In the past few weeks, a dozen drillers, pumpers and other service providers have inaugurated or substantially hiked their dividends, driven by solid financial prospects and investors' unquenchable thirst for yield.

At least four of those dividends are brand new, brought in by CanElson Drilling Inc. , Essential Energy Services Ltd. , Strad Energy Services Ltd. and Savanna Energy Services Corp. Others saw major upgrades, such as Calfrac Well Services Ltd. , which led the recent charge with a fivefold increase to its dividend on Feb. 28.

Some investors are nervous that for a sector vulnerable to wild swings, the payouts can't last. But it has been hard not to notice the impact of Calfrac's move, which helped fuel a 25-per-cent rise in the company's share price over subsequent days.

In a research report released Wednesday, Jeff Fetterly, an analyst with CIBC World Markets Inc., tracked the new payouts and called 2012 "the year of the dividend for energy services."

"What we're seeing now is a higher prioritization of yield, just because we're seeing such a huge voracious appetite for anything yield-based in the market," he said. "Once one guy does it and sees their stock respond positively to it, everyone pays attention."

Burgeoning dividends are nothing new for the services sector, which provides much of the grunt work needed to wrest oil and gas from the ground, from drilling wells to high-pressure pumping of fluids to fracture tough reservoirs. In fact, several years ago, many services companies converted to trusts, some with yields nearing 8 per cent, before government changes imploded the trust model.

But dividends are, in some ways, an odd fit for the services sector, which is vulnerable to dramatic revenue shifts. When oil and gas prices drop, energy companies cut capital spending, which means drilling rigs sit idle. And when the rigs are idle, service revenue shrivels in a hurry.

The new dividends are "a really precarious thing," said Rafi Tahmazian, a senior portfolio manger with Canoe Financial LP. "In my 25 years in the business, it's been feast or famine in this sector."

Some investors are confident companies won't deliver dividend increases they can't sustain.

"It would be highly irresponsible and suicidal for a board to approve a dividend increase and have to cut it months or quarters later," said Eric Nuttall, lead portfolio manager for the Sprott Energy Fund.

Mr. Nuttall is a "huge advocate" of companies returning capital to shareholders "so long as they're not sacrificing their ability to grow." He points to Calfrac's dividend, which is only about 8 per cent of cash flow; others, such as Canyon Energy Services, are below 20 per cent. In an environment where most service companies are light on debt, that's considered reasonable.

Besides, Mr. Nuttall pointed out, the sector didn't have much choice. Although there has been work to go around in oil and oil-like liquids such as propane and ethane, the bargain-basement price of natural gas has stirred market concern about prospects for drillers and related companies.
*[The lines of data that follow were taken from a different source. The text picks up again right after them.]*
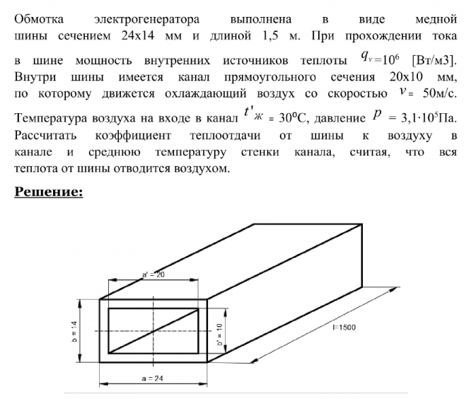 Обмотка электрогенератора выполнена в виде медной шины сечением 24х14 мм и длиной 1,5 м. При прохождении тока в шине мощность внутренних источников теплоты 106 [Вт/м3]. Внутри шины имеется канал прямоугольного сечения 20х10 мм, по которому движется охлаждающий воздух со скоростью 50 м/с. Температура воздуха на входе в канал 30⁰С, давление 3,1∙105 Па. Рассчитать коэффициент теплоотдачи от шины к воздуху в канале и среднюю температуру стенки канала, считая, что вся теплота от шины отводится воздухом.
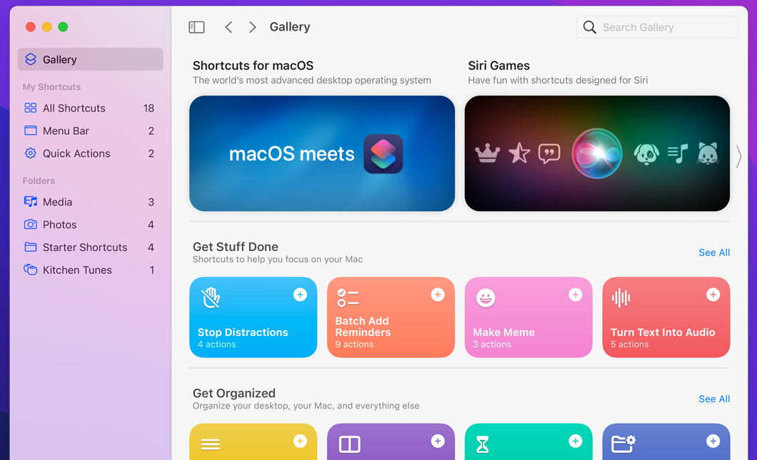 Shortcuts. Это приложение помогает создавать сценарии действий для повышения продуктивности. Например, вы можете в один клик или через голосовую команду запустить многозадачный режим и сразу открыть часто используемые приложения.
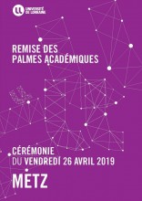 La cérémonie de remise des palmes académiques 2019 de l'Université de Lorraine se tiendra le vendredi 26 avril 2019 à partir de 14h à l'Espace Bernard-Marie Koltès à Metz.
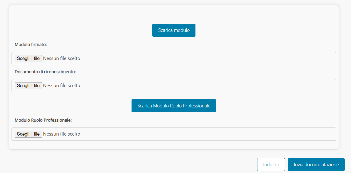 Scaricare i moduli compilarli online e firmarli in modalità PADES e riallegarlo nella sezione scegli file che si visualizza nelle schermate sotto e cliccare su Invia Documentazione.
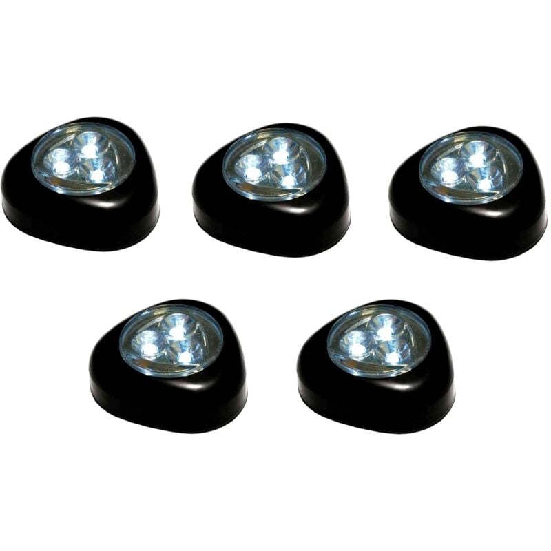 5 pezzi OmniaLaser luce con 3 led (oltre 100.000 ore) Utile in armadio, corridoio, scale, garage, camera bimbi o in qualsiasi altro angolo buio Alimentazione 3xAAA (non incluse) Dimensioni: 65x65x21mm E' possibile fissarla tramite magnete o biadesivo (entrambi non inclusi) Per accendere o spegnere basta premere leggermente sui led
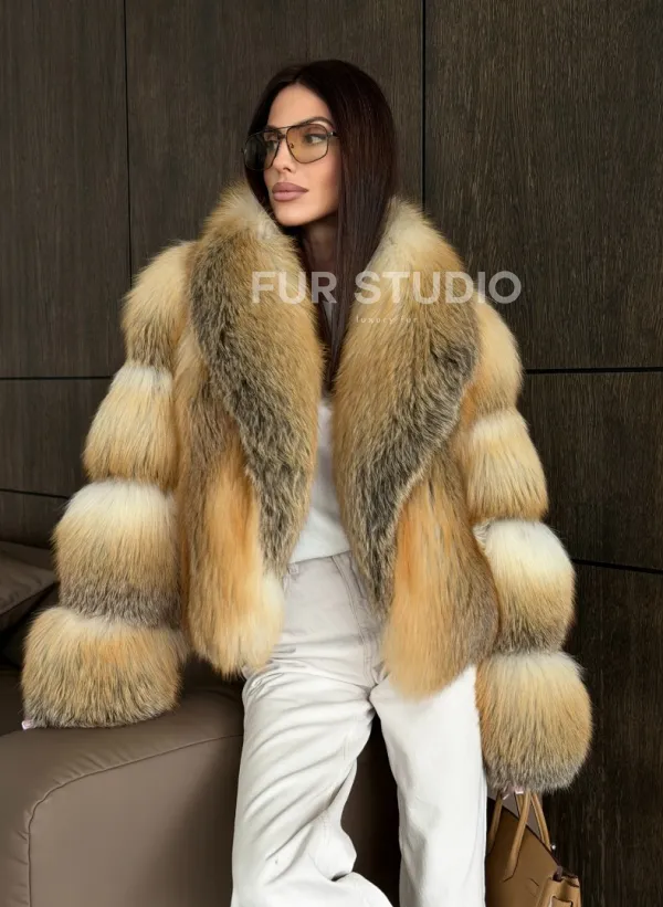 Мех данной шубы лиса, цвет рыжий. Предлагается в размерах от 42 до 50. Длина модели 50-55 см, что выгодно подчеркивает фигуру девушек. Эта модель идеально подойдет для девушек и женщин, предпочитающих роскошные натуральные меха.

With some activity slowing – Encana Corp., for example, recently cut more than a third from its 2012 spending plans – a dividend may help keep shareholders loyal.

"It's a way for companies that are trying to get interest back into their stocks," Mr. Nuttall said. "And while activity may flat line for a couple of quarters, at least it gives investors reason to stick around and wait for the uptick. They're getting paid to wait."

The companies, meanwhile, say they're just responding to demand.

"We've certainly seen in the energy services space that more companies are paying dividends than not paying dividends," said Andy Pernal, president of Strad Energy Services, which launched a 5.5-cent-per-share quarterly dividend on March 2. "Yield has become front and centre with investors and potential investors."